HAYATIN HERHANGİ BİR ALANINDA BAŞARILI OLMAK İÇİN MOTİVASYONA MI İHTİYACIMIZ VAR, YOKSA DİSİPLİNE Mİ?
Çoğumuz bu soruyu “motivasyon!” diye yanıtlarız çünkü içimizde bir şeyler yapma isteği uyandığında hareket etmek çok daha kolay gelir. Ancak işin aslı şu ki motivasyon güvenilmezdir. Gelir ve gider, tıpkı hava durumu gibi. Eğer sadece motivasyonla ilerlemeye çalışırsak işler zorlaştığında ya da hevesimiz kaçtığında ilerleyemeyiz. İşte tam da bu noktada devreye disiplin girer.

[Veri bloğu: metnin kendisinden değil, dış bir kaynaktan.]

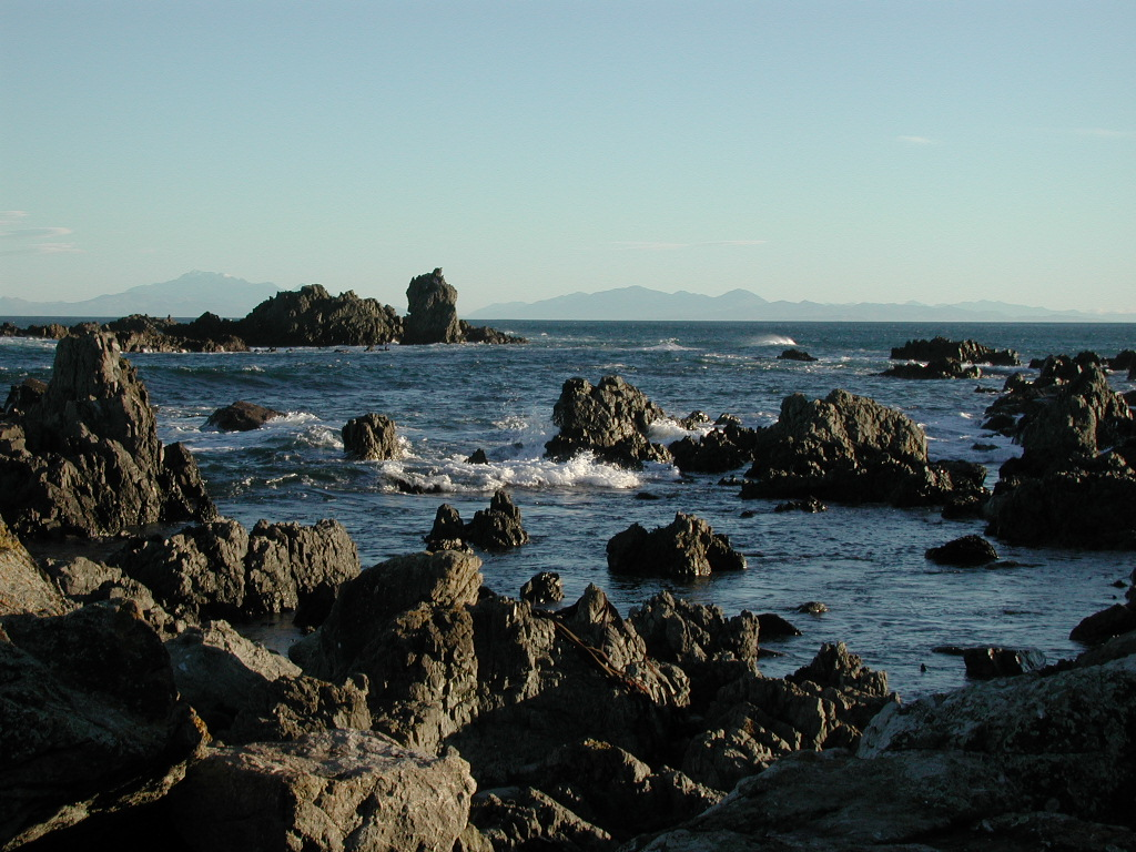 Rocky shore at Sinclair Head, looking across Cook Strait towards the South Island.

Motivasyon, bizi heyecanlandıran, bir şeyi yapmaya istekli hissettiren bir duygudur. Mesela, yeni bir yılın ilk günlerinde spor yapmaya başlamak için kendimizi inanılmaz motive hissederiz. Ancak birkaç hafta sonra sabahları sıcak yatağımızdan kalkıp spor salonuna gitmek eskisi kadar cazip gelmemeye başlar. İşte bu noktada motivasyon tükenir ve eğer elimizde sadece motivasyon varsa çok geçmeden spor yapmayı bırakırız.

DİSİPLİN: DEVAM ETMENİ SAĞLAYAN GÜÇ VE KENDİNLE YAPTIĞIN BİR SÖZLEŞME
Disiplin, motivasyonun olmadığı günlerde bile harekete geçmeyi sağlayan şeydir. Motivasyon bir kıvılcım ise disiplin o ateşi sürekli yanar halde tutan odunlardır. Başarılı insanlar, her gün motive olmayı beklemezler. Onlar, ne olursa olsun eyleme geçmeyi alışkanlık haline getirmişlerdir. James Clear, Atomik Alışkanlıklar kitabında şöyle der:
“Başarı, her gün büyük hamleler yapmakla değil, sıkıcı ve tekrarlayan süreçlere sadık kalmakla gelir.”Yani, motive olmadığımız zamanlarda bile yolumuza devam etmek için bir sisteme ihtiyacımız var. Örneğin, her sabah kalkıp yazı yazan bir yazar, ilham gelmesini bekleyen bir yazardan çok daha üretken olur.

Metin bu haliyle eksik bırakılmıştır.